Сенька аж застыл на месте и пробормотал:
– Ты и с птицами можешь разговаривать?
Я побежала к дереву. Ворона сразу замолкла и полетела за мной, а за вороной побежали Сенька с Ирмой.
Мы сразу увидели под деревом ворону, которая запуталась лапами в какой-то сетке, а сама сетка торчала из кучи строительного мусора. Ворона билась и хлопала крыльями, но ничего не могла поделать. Увидев нас, она закаркала и стала биться ещё сильнее, но наша ворона что-то крикнула ей, и она затихла и не билась даже тогда, когда я осторожно высвобождала её лапы. Наконец я освободила её.
Она взлетела на ветку и замерла: наверное, приходила в себя после страха и усталости. А наша ворона слетела с ветки, сделала круг над нами и несколько раз каркнула, но совсем другим голосом: тогда она будто умоляла, а сейчас благодарила.
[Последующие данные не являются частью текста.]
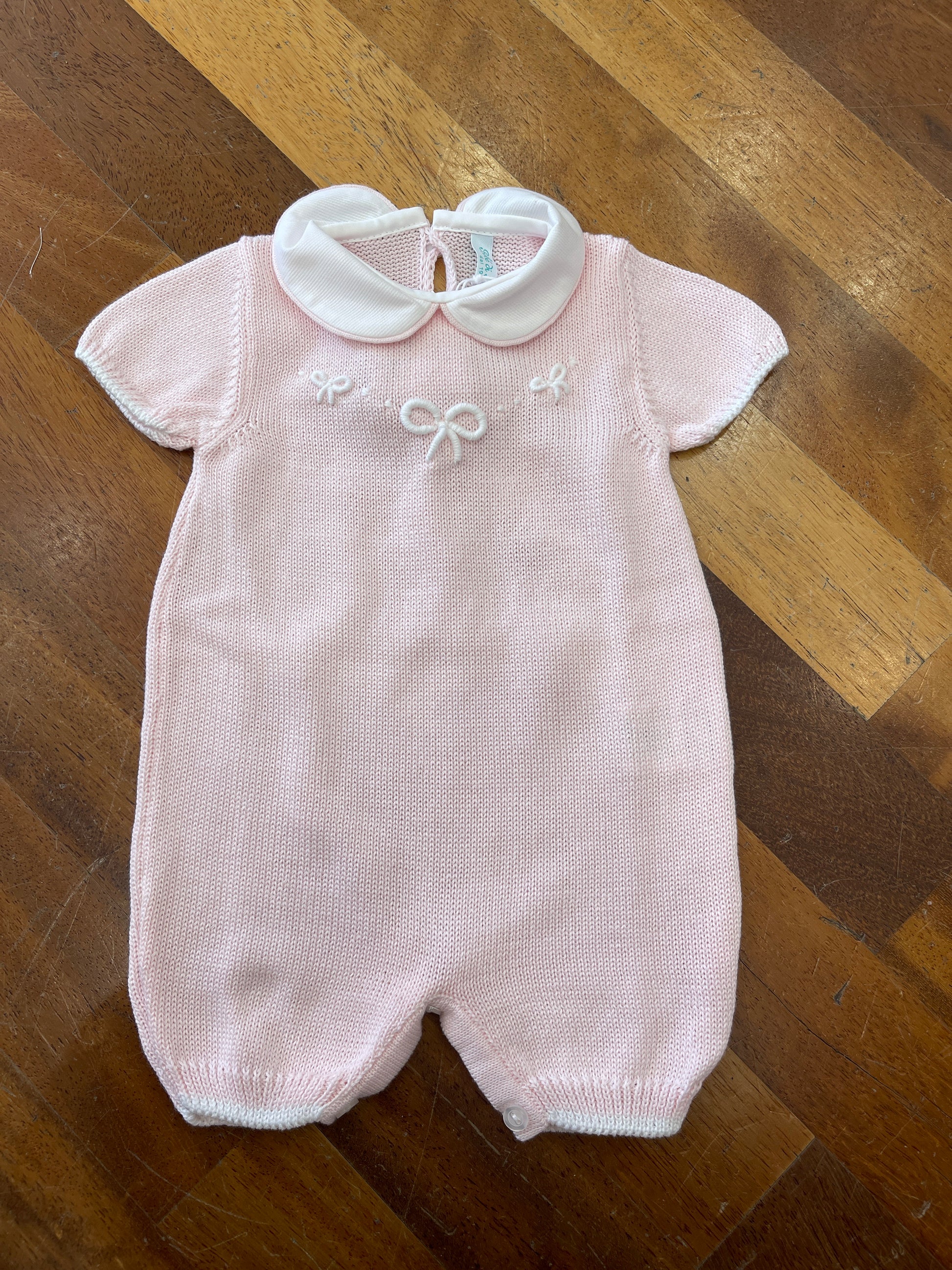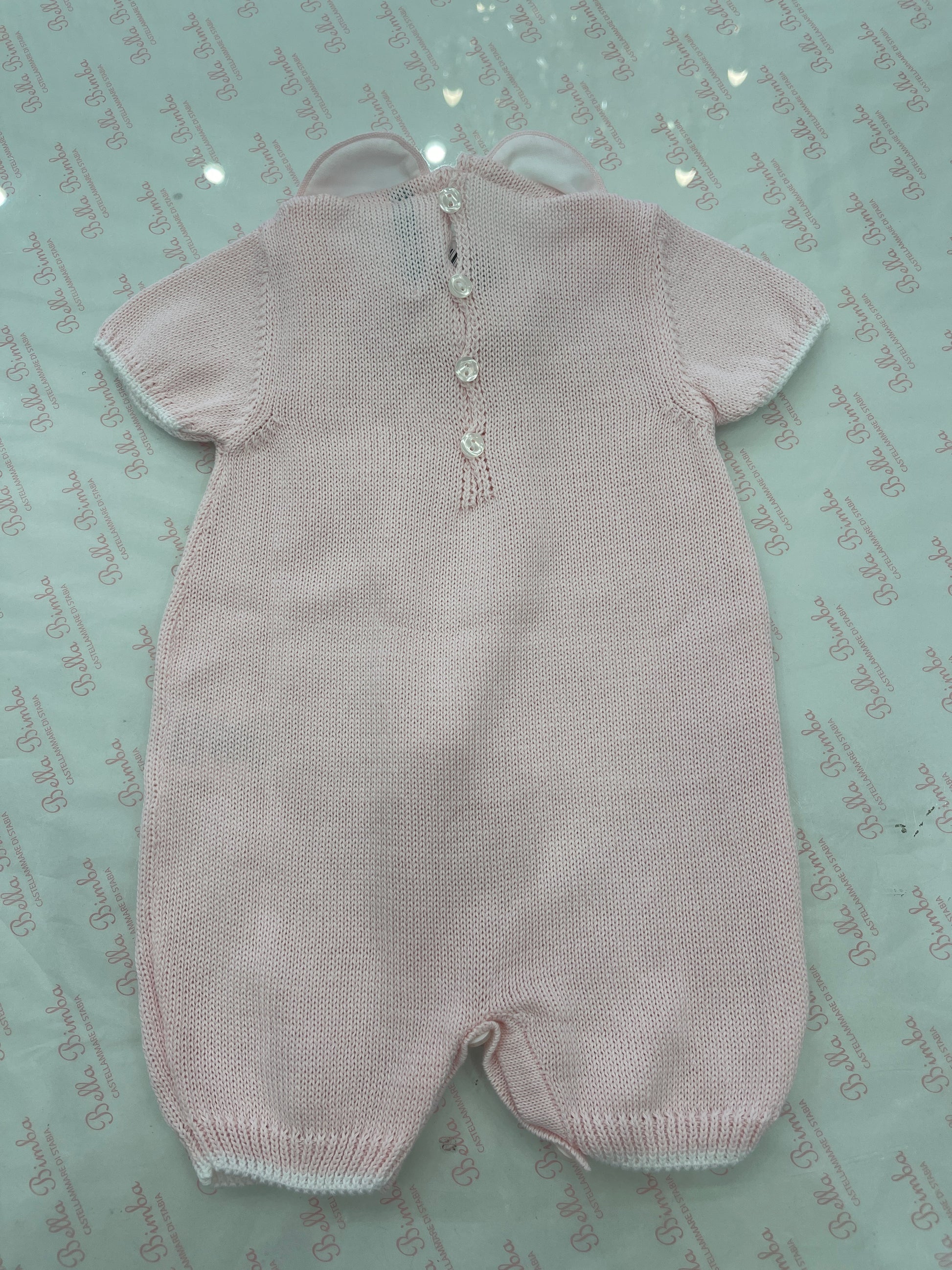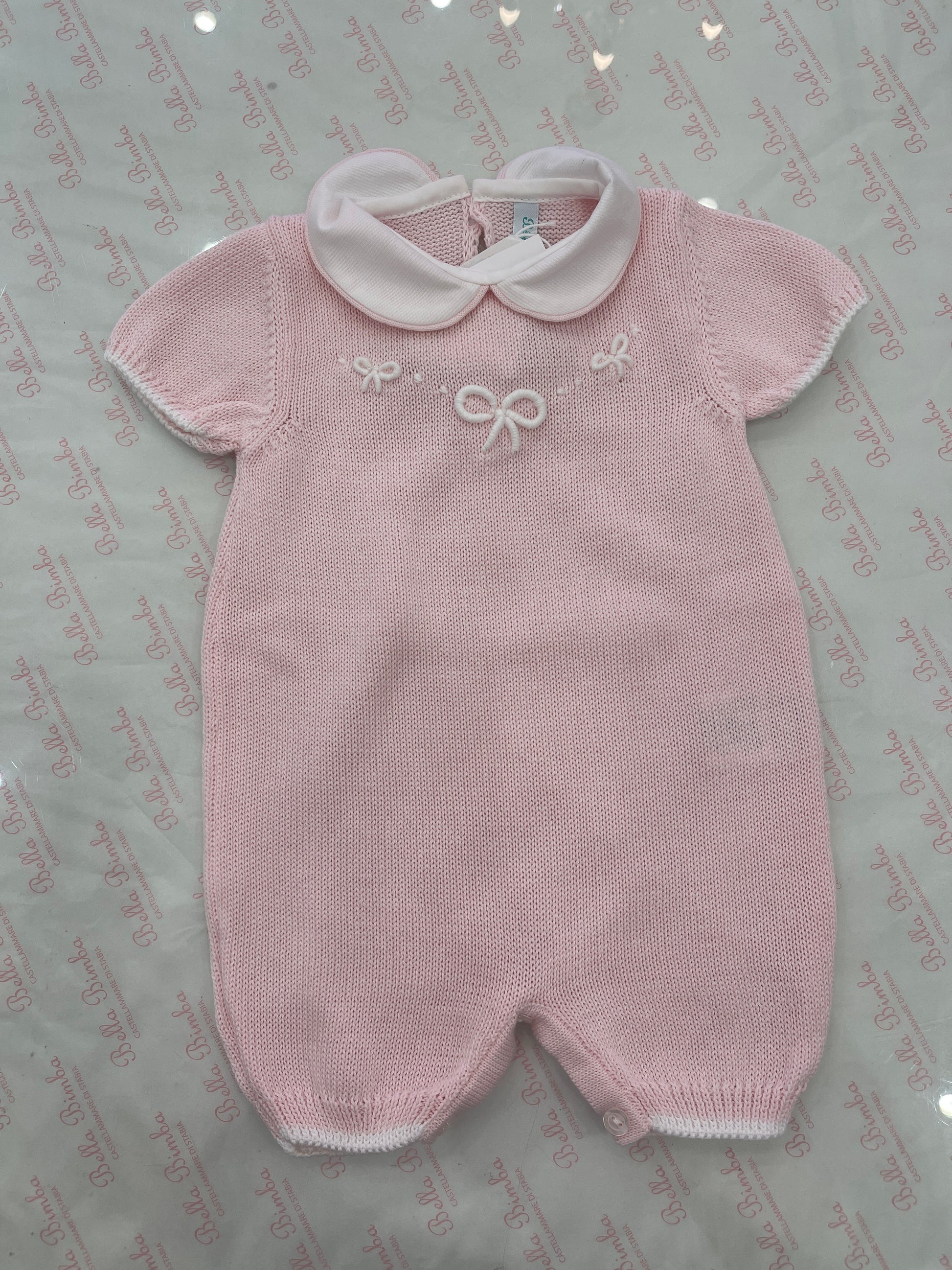 Il Pagliaccetto Bebè di Almy è realizzato in morbido filo rosa, presenta un delicato ricamo a nodo d'amore, rendendolo un capo romantico ed elegante. Aggiungi un tocco di dolcezza e stile ai suoi outfit con questo pagliaccetto.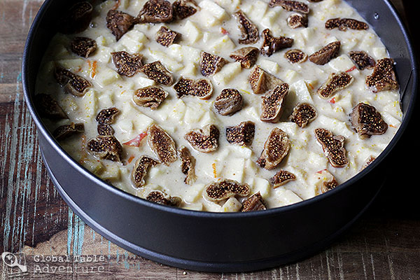 - Finally, stir in 8 oz of chopped figs, the apples, orange and lemon zests. Combine well. Pour into prepared pan, then top with fig pieces, being careful not to push them into the batter.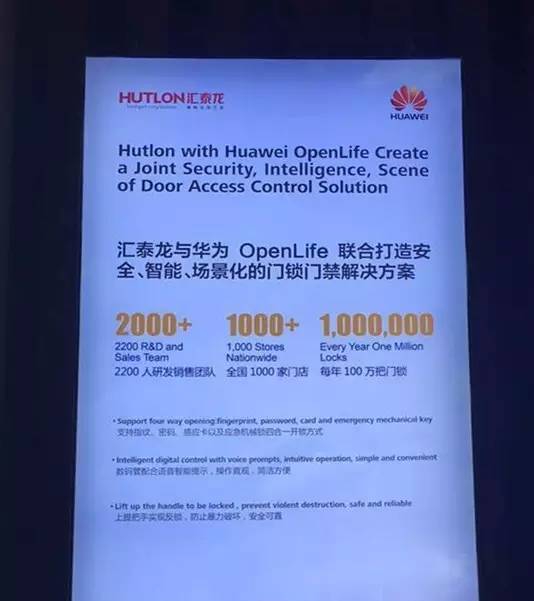 特別值得一提的是,匯泰龍云鎖還能與智能家居系統互聯,2016年,匯泰龍云鎖先后與華為OpenLife智慧家庭生態和京東微聯實現對接,在確保家庭安防的基礎上,實現門鎖門禁與其他智慧家庭生態系統實時聯動,給智慧家庭各種場景模式提供信息入口。簡單來說,用戶幾乎可以通過APP觸及到所有的服務,真正做到物物相連,獲得更人性化的生活體驗。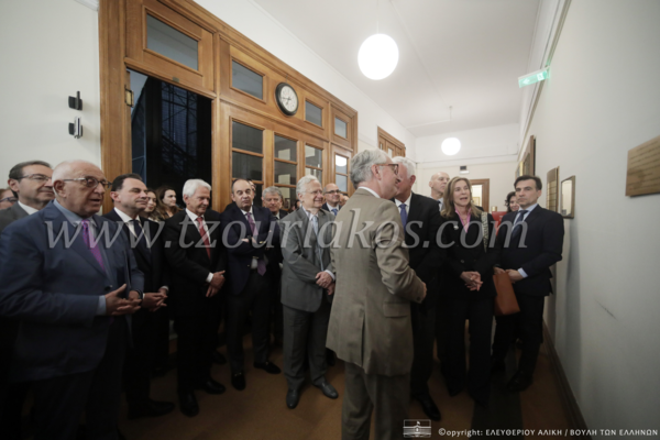 Ο Νικήτας Κακλαμάνης έκανε τα αποκαλυπτήρια της τιμητικής σήμανσης για τη λειτουργία του ΣτΕ σε αίθουσα της Βουλής

Я это ясно поняла и сказала об этом Сеньке, и ещё сказала, что вороны очень умные, ну, как четырёхлетний человеческий ребёнок, я это слышала по телику.
Сенька помотал головой и сказал, что теперь абсолютно верит, что я могу разговаривать со зверями. И что я, конечно, колдунья, но добрая. Добрая фея, как в сказках. Мы с ним поглядели друг на друга и побежали домой.
На нас никто не обращал внимания. Ну, идут двое школьников из школы. А почему собака с ними? Наверное, это учёная собака, она провожает хозяина до школы и сидит у школы, ждёт, чтобы проводить его домой. С таким охранником никто не страшен.
Мы не встретили никаких знакомых и уже подошли к Сенькиному подъезду, как вдруг услышали отчаянный крик:
– Сеня! Живой! Где ты был! Я чуть не умерла!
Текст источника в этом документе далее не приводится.